ALLENDE-SANTACRUZ LUCAS
Chemin de la Résistance et des Maquis
Mis en ligne sur le site le 17 avril 2020 / mise à jour 8 juillet 2024
Source des documents suivants : Dossier FTPF 1946 carton 12
(numérisation Pôle Jean Moulin LG)
Source : https://www.letelegramme.fr/cotes-darmor/lannion/lucas-fernando-allende-une-vie-de-resistance-18-08-2014-10302112.php
Lucas Fernando Allende. Une vie de résistance
Combattant, résistant, déporté, ébéniste. En Espagne puis en France. Lucas Fernando Allende Santa Cruz a lutté contre le régime de Franco. Dénoncé, il a été déporté à Dachau en 1944. Sa fille, Claudine, et ses frères, habitants de Vieux-Marché, ont retracé son parcours dont il parlait peu. L'histoire d'une vie de résistance.
Qui est Lucas Fernando Allende Santa Cruz ?
C'est notre père. Il est né le 18 octobre 1914 à Maliaño de Camargo, province de Santander. En France, sa date de naissance a été modifiée, certainement pour ne pas être reconnu après la guerre d'Espagne. Il a donc rajeuni de cinq ans, né le 19 octobre 1919.
Dans quel contexte son histoire s'est-elle écrite ?
Le 17 et 18 juillet 1936, la guerre a éclaté en Espagne. Alors que la république était établie depuis quelques mois, les généraux factieux se sont soulevés contre le gouvernement légal. Ce putsch a été appuyé par l'Allemagne nazie et l'Italie fasciste, qui ont apporté leur soutien en hommes et en matériel aux insurgés. Pour lutter contre le général Franco, 40.000 volontaires des Brigades internationales de 53 pays différents, dont 600 Bretons, ont été envoyés, afin de secourir la République.

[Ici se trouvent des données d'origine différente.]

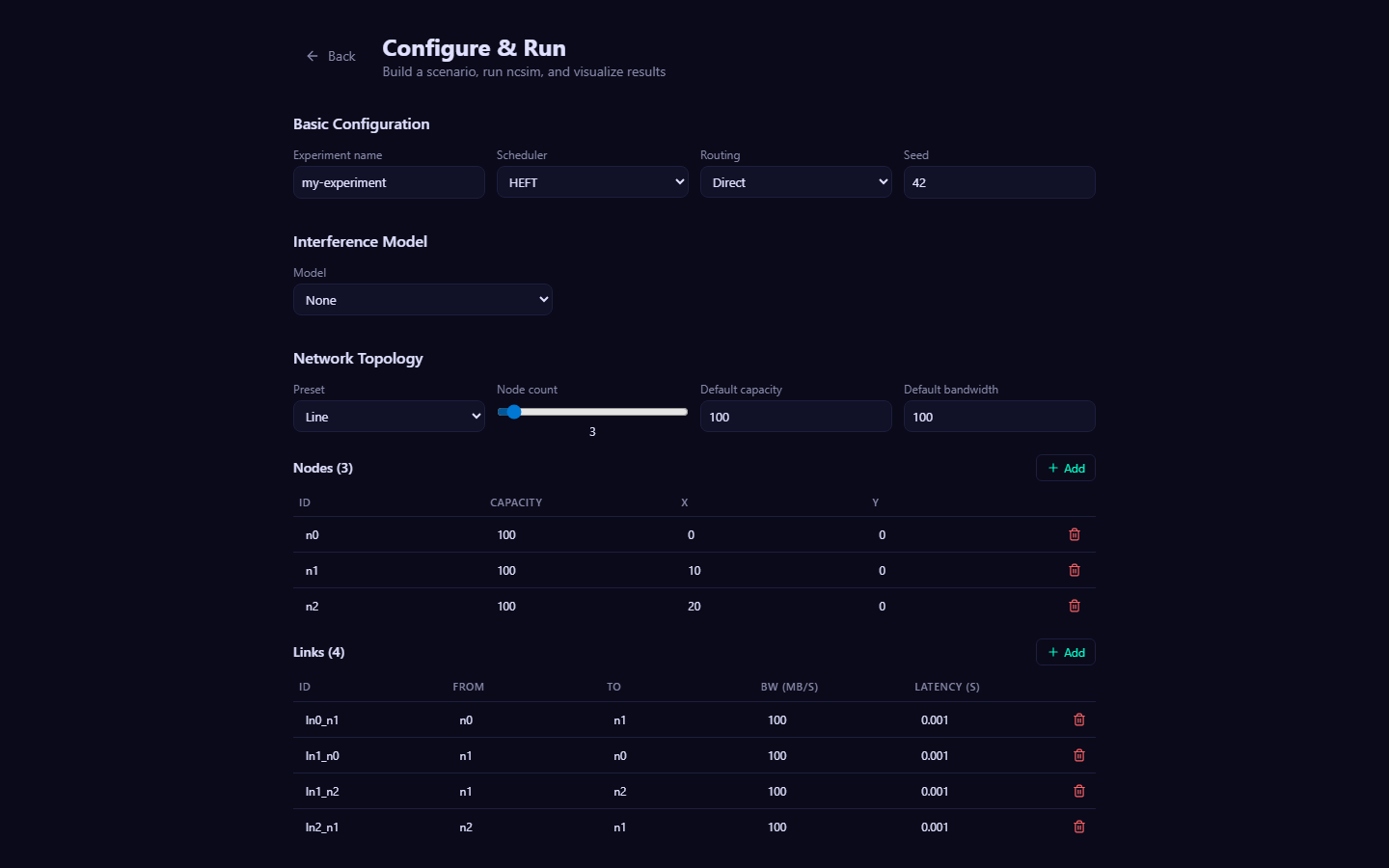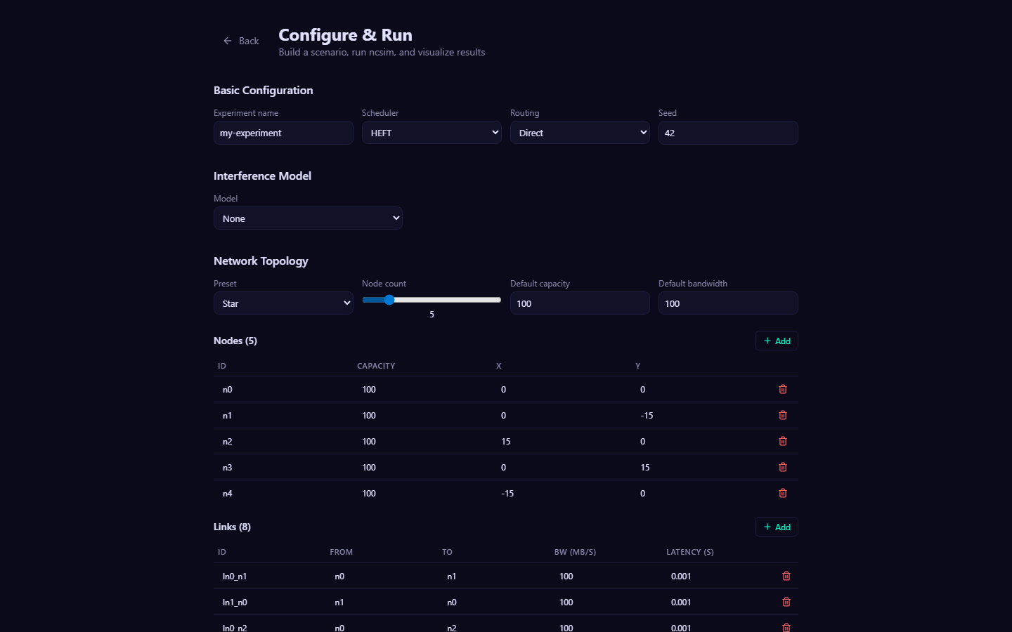 - A compute resource in the network. Each node has an ID, a compute capacity (units/second), and optionally a position (x, y in meters). Tasks are scheduled onto nodes by the scheduling algorithm.

Quel rôle a joué votre père ?
Dans ce contexte de guerre, Lucas s'est engagé comme garde d'assaut au « Cuerpo de Asalto y Seguridad », où il a obtenu le grade de sergent. D'abord Santander puis Gijòn en Asturies, les deux batailles auxquelles il a participé ont été perdues, prises par les insurgés. Tout le nord cantabrique est alors aux mains des rebelles. Lucas prend la direction du port de La Rochelle pour regagner le nord-est de l'Espagne, encore libre. Mais le 26 janvier 1939, Barcelone tombe aux mains des Franquistes. Date à laquelle débute « la Retirada » : l'exil des réfugiés civils puis des combattants de la république espagnole.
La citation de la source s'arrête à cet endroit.